On the grounds and attached to the palace (but requiring separate admission) is the Hareem. This is where the Sultans keep their women. They had numerous wives, but the main wife's mother would play a very important part in the Hareem. She would basically run it and make sure the Sultan was happy. In addition to the wives there were lots of concubines who were there for his enjoyment or anyone else that the Sultan thought worthy. There were some men living and working in the Hareem too, but they were eunuchs, castrated men, couldn't have them touching the Sultans ladies!
The Hareem also has lots of interesting rooms with beautiful tiles. It's a bit maze like, in that there are many rooms and passages to get to them. Plus courtyards and baths where people could sit outside. It was very cold inside today and I couldn't imagine people taking off many clothes in there! They must of had lots of fires and warm blankets.

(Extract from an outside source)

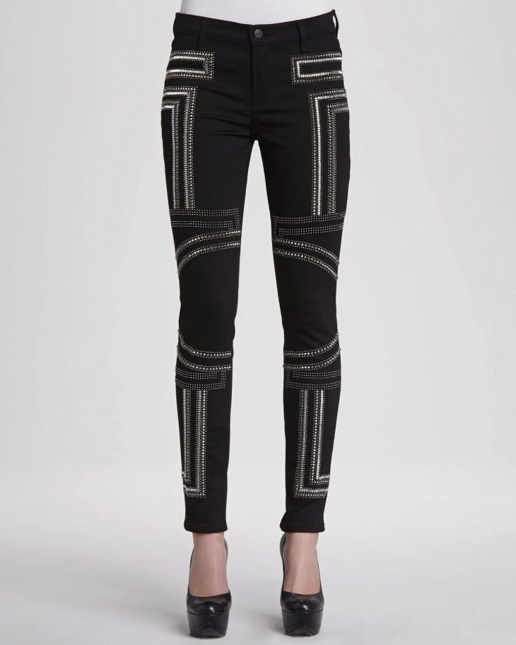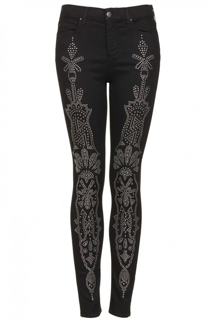 The decor can be located at the bottom of the jeans, on the cuffs. Neat appliqué on the pocket or laconic ornament on the belt will emphasize the bright personality of the owner of such jeans.A long, ornate pattern along the entire length of the leg looks very impressive on tight jeans.

In the afternoon I wandered down to the harbour and enjoyed something else I remember from years ago. At the harbour there are three golden gilded boats on which a crew of two cook fish that is caught in the Bosphorus and serve it on a bun with lettuce and onion. It's a very popular eating place for the locals and the sandwich is quite cheap and tasty.
Then I took a walk back over the Galata Bridge that I had crossed last night. I wanted to watch the local fishermen and see what they caught. There are lots of them and they are fishing from about ten metres above the water. For what I could see they caught mainly small smelt sized fish and each other. Many times I saw them trying to untangle their lines from their neighbour. We I got to the other side I went down a level and crossed the water again on the restaurant level.
Back at the New Mosque square (where Deb and I sat and watched the fancy shoe shine boys, before we were shat upon by pigeons!) I sat and watched people for awhile. There was no sign of the shoe shiners. I took off my shoes and went for a tour of the inside of the mosque. Another beautiful building with lots of tiles and mosaics. The Ottomans loved making larger and larger mosques as they tried to out do each other.
Finally returned to the hotel to meet Krys, Brian, Tess and Graham for dinner. We went to a nice place and had a great dinner. Another day done.